= Beginning of Section =

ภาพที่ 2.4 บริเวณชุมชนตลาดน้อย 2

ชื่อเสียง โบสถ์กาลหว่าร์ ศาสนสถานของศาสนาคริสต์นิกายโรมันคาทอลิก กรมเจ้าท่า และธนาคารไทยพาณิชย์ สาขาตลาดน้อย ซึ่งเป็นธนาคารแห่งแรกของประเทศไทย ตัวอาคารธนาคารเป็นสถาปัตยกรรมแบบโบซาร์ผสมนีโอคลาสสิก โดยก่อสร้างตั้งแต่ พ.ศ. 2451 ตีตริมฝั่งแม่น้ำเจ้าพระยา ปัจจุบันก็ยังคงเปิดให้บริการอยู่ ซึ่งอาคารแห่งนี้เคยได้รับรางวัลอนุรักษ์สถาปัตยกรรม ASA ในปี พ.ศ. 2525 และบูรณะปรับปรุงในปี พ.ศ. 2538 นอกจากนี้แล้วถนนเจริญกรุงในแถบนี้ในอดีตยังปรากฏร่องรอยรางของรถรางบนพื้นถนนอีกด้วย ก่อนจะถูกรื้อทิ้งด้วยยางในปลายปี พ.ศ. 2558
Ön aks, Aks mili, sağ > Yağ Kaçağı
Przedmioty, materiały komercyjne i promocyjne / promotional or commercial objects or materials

= End of Section =
= Beginning of Section =

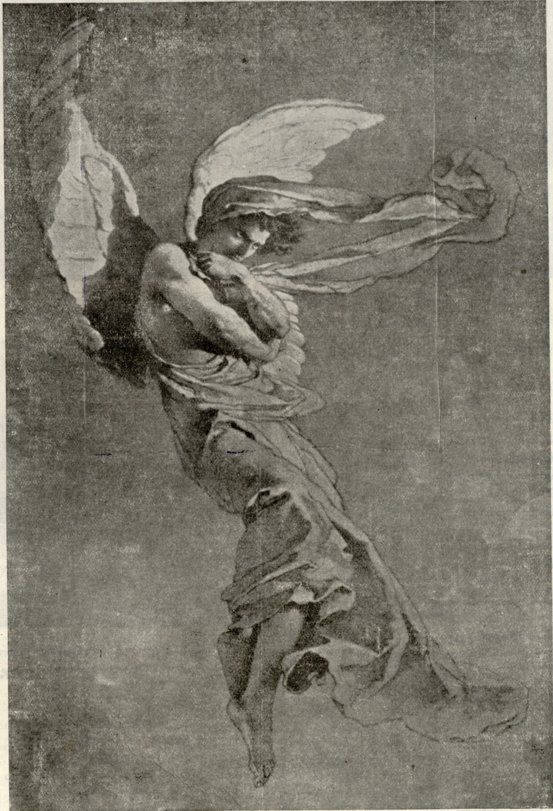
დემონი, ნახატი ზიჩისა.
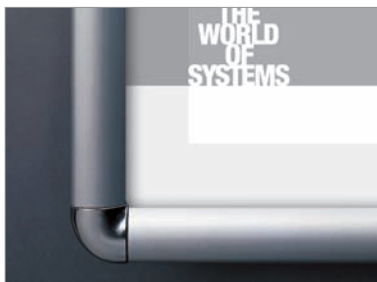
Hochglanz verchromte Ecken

= End of Section =

(Work order) Only the lines above starting with the one with "Ön aks, Aks mili, sağ > Yağ Kaçağı" and going through the one with "Przedmioty, materiały komercyjne" are to be copied, word for word and with both ends kept.

(Solution to this task)
Ön aks, Aks mili, sağ > Yağ Kaçağı
Przedmioty, materiały komercyjne i promocyjne / promotional or commercial objects or materials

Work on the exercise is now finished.